Here we have a perfect case of Redemptive Suffering. Stated simply, redemptive suffering goes like this. You have suffering which will not go away. For some reason, the Lord allows you to have it. You can’t pray it away; you can’t wish it away. You can become angry, and turn away from God, or you can offer it up to God for the souls in Purgatory, the conversion of sinners, or to relieve the suffering of someone here on earth.
We believe that Redemptive Suffering is a powerful offering to Our Lord. It’s a way of taking a terrible negative, the pain inflicted on us by the suffering, and turning it into a great positive, by offering it to Our Lord Jesus. We believe that St. Rita used this unusual twist of not receiving the fragrance of Heaven that accompanies the Stigmata, to glorify Our Lord Jesus. She offered up to him the isolation caused by the putrid odor of her wound.

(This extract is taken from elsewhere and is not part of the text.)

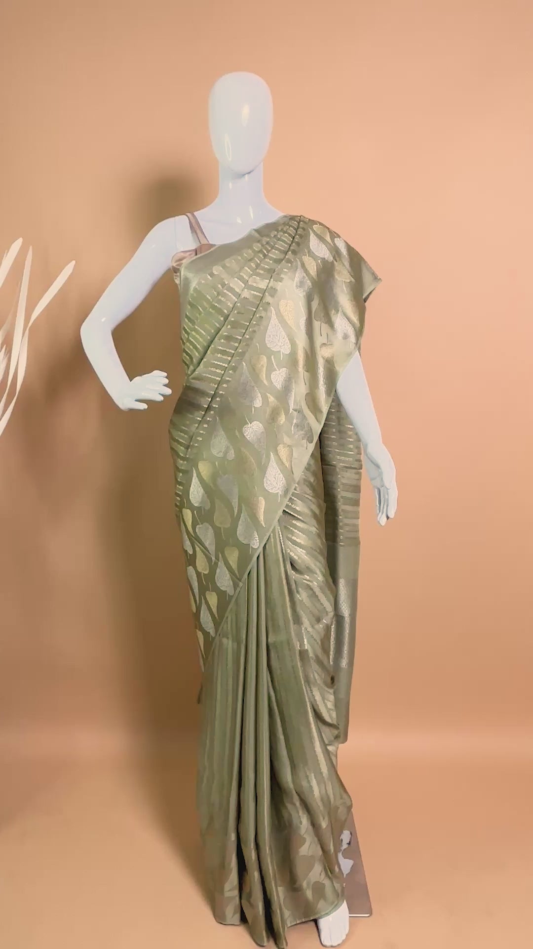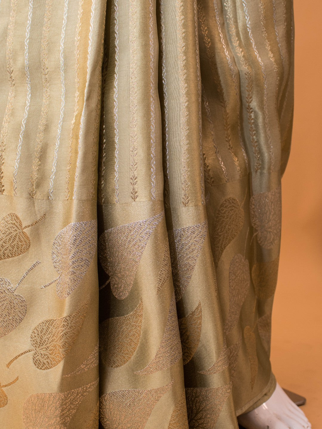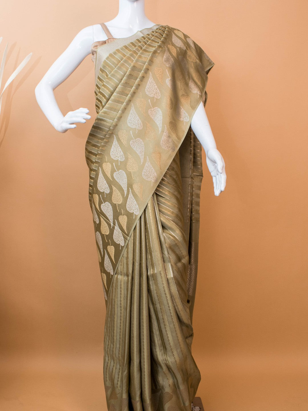 Mashru Silk With Contemporary Leaves Weaving Border - Brown

In 1450, Pope Nicholas V declared the first Holy Year, proclaiming Rome, once and for all, the center of the Christian world, and of our Faith. The popes had been away from Rome for sixty seven years. Our Lord wanted to unite His Church, to end the scandal of division and dissension caused by self-interest and resultant schism, so He inspired the pope to institute this Holy Year. And unite He did! All the Religious of Italy, as well as pilgrims from all over the world converged on Rome.